Copy out each record that follows exactly, and omit any picture you find.

Excerpts from a dataset:
- Opening Delimiter -

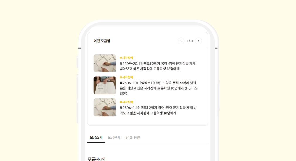 - 이번 모금은 시각장애 학생 32명이 새 학기를 제때 시작할 수 있도록 점자 문제집을 빠르게 제작·전달하는 프로젝트입니다. 단원별 분업 제작으로 시간을 줄이고, 완성된 단원부터 바로 제공해 학습 공백을 최소화합니다. 문제집 한 권이 만들어지면 앞으로 같은 학년에 진학할 다른 시각장애 학생들에게도 계속 사용됩니다. 제때 공부할 수 있도록 마음을 전달해주세요.
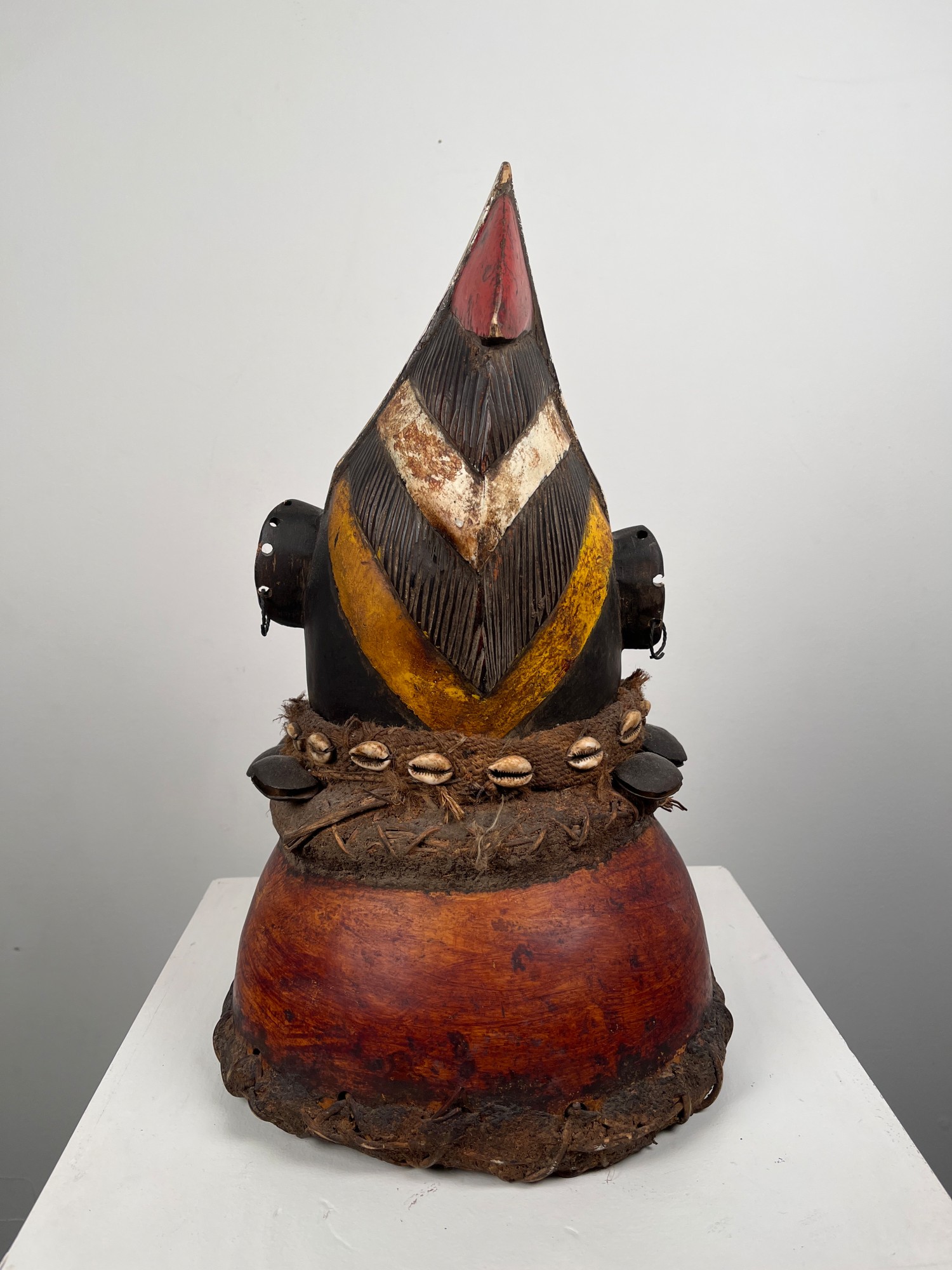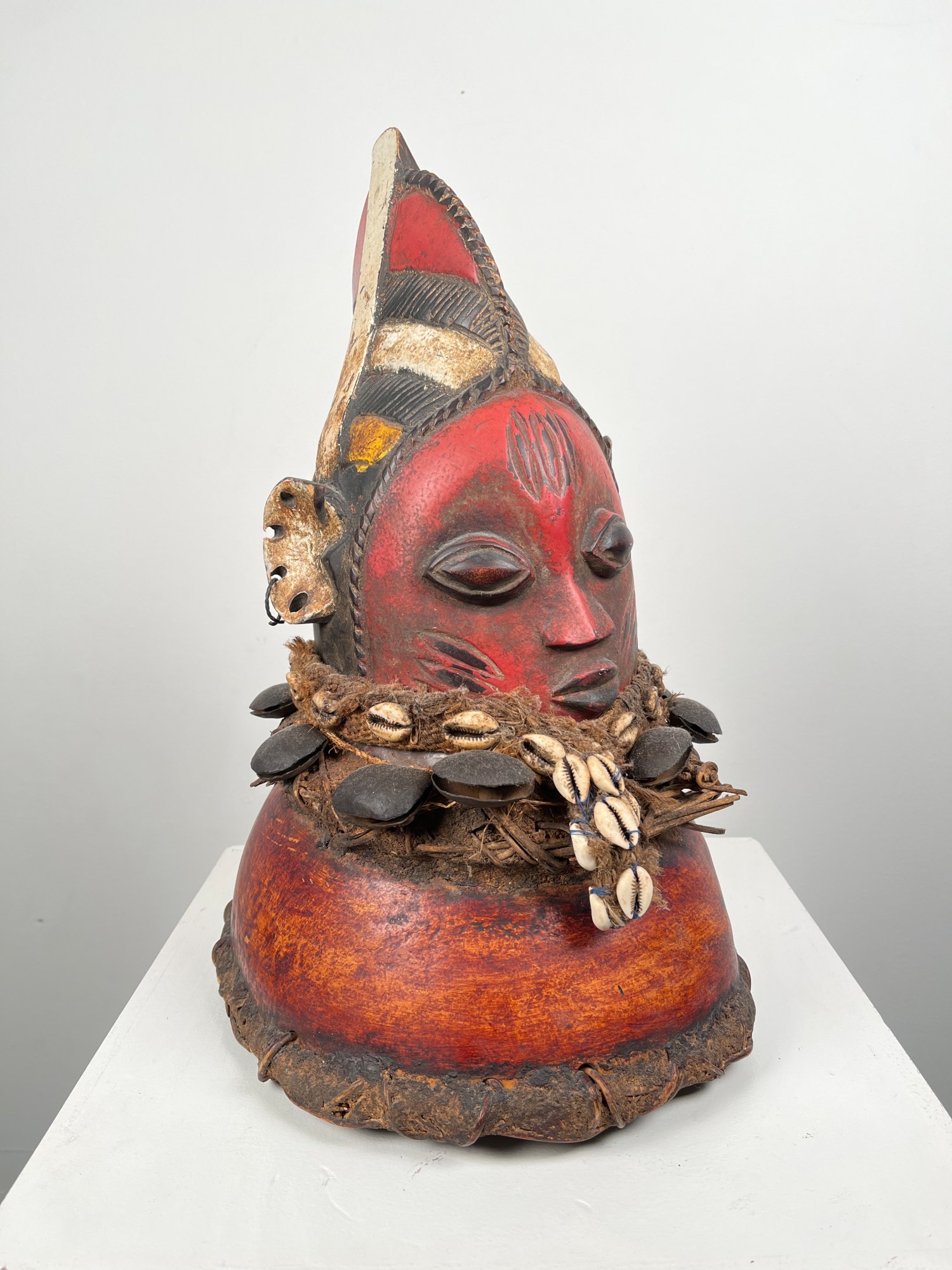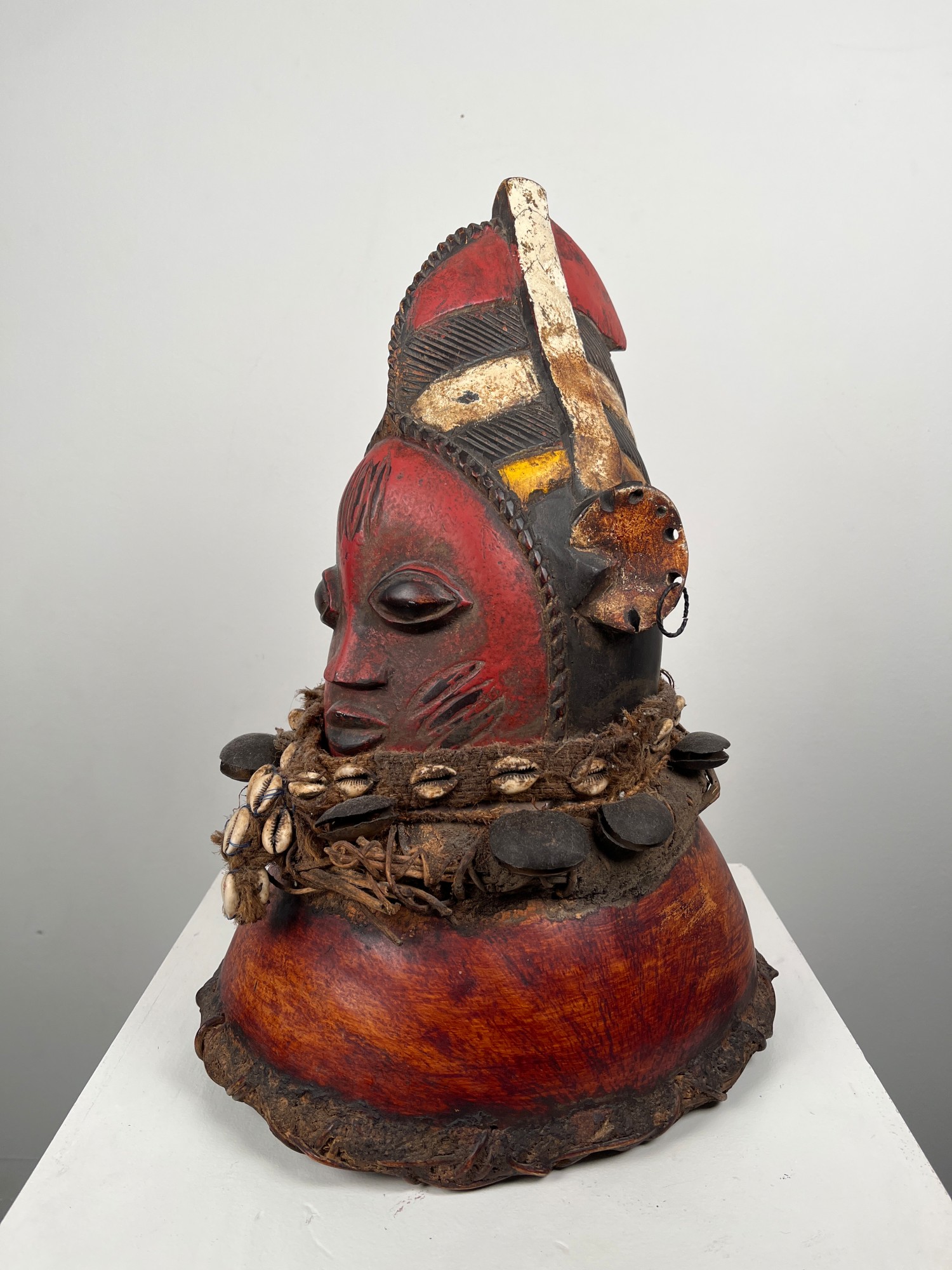 This mask is of typical Yoruba style and has traditional colors. The wooden mask itself is laced to a painted gourd. Around the juncture is a woven tie with cowrie shells attached and beneath this are bells. At the base of the gourd is another woven strip which is laced to it.
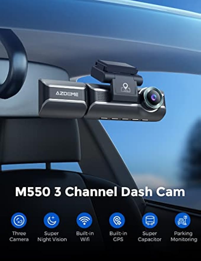 AZDOME M550 Dash Cam 3 Channel, Built in WiFi GPS, With 64GB Card, Front Inside Rear 1440P+1080P+1080P Car Dashboard Camera Recorder, 4K+1080P Dual, 3.19" IPS, IR Night Vision, Capacitor, Parking Mode
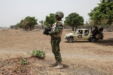 | Des soldats nigériens montent la garde à la frontière avec le Nigeria, le 25 avril 2017. |
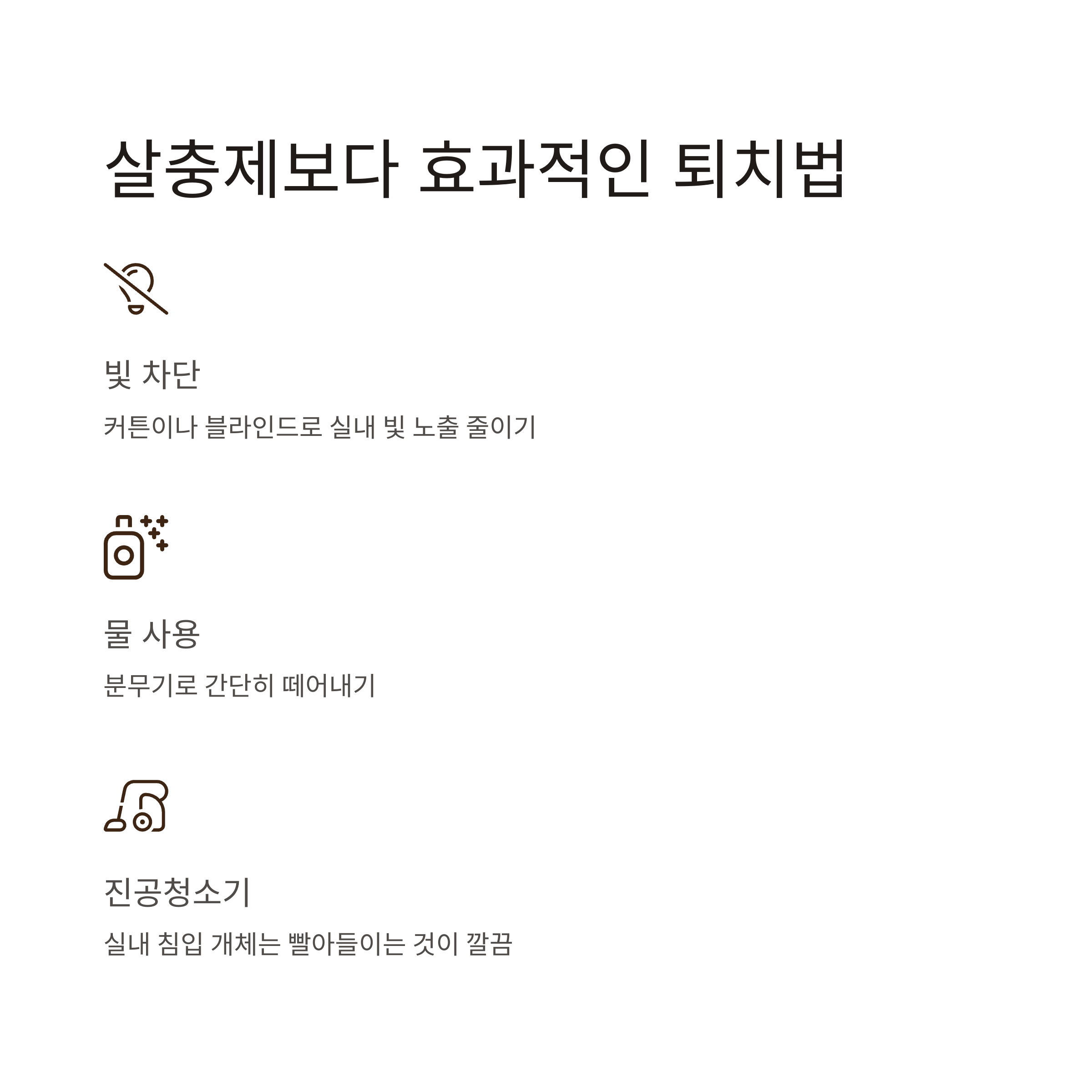 살충제 사용은 꿀벌 등 다른 익충에게도 큰 피해를 줄 수 있어 권장되지 않습니다. 대신 아래 방법을 통해 자연 친화적으로 대응하는 것이 좋습니다.

- Closing Delimiter -

- [COMPLETED EXERCISE]:
 - 이번 모금은 시각장애 학생 32명이 새 학기를 제때 시작할 수 있도록 점자 문제집을 빠르게 제작·전달하는 프로젝트입니다. 단원별 분업 제작으로 시간을 줄이고, 완성된 단원부터 바로 제공해 학습 공백을 최소화합니다. 문제집 한 권이 만들어지면 앞으로 같은 학년에 진학할 다른 시각장애 학생들에게도 계속 사용됩니다. 제때 공부할 수 있도록 마음을 전달해주세요.
 This mask is of typical Yoruba style and has traditional colors. The wooden mask itself is laced to a painted gourd. Around the juncture is a woven tie with cowrie shells attached and beneath this are bells. At the base of the gourd is another woven strip which is laced to it.
 AZDOME M550 Dash Cam 3 Channel, Built in WiFi GPS, With 64GB Card, Front Inside Rear 1440P+1080P+1080P Car Dashboard Camera Recorder, 4K+1080P Dual, 3.19" IPS, IR Night Vision, Capacitor, Parking Mode
 | Des soldats nigériens montent la garde à la frontière avec le Nigeria, le 25 avril 2017. |
 살충제 사용은 꿀벌 등 다른 익충에게도 큰 피해를 줄 수 있어 권장되지 않습니다. 대신 아래 방법을 통해 자연 친화적으로 대응하는 것이 좋습니다.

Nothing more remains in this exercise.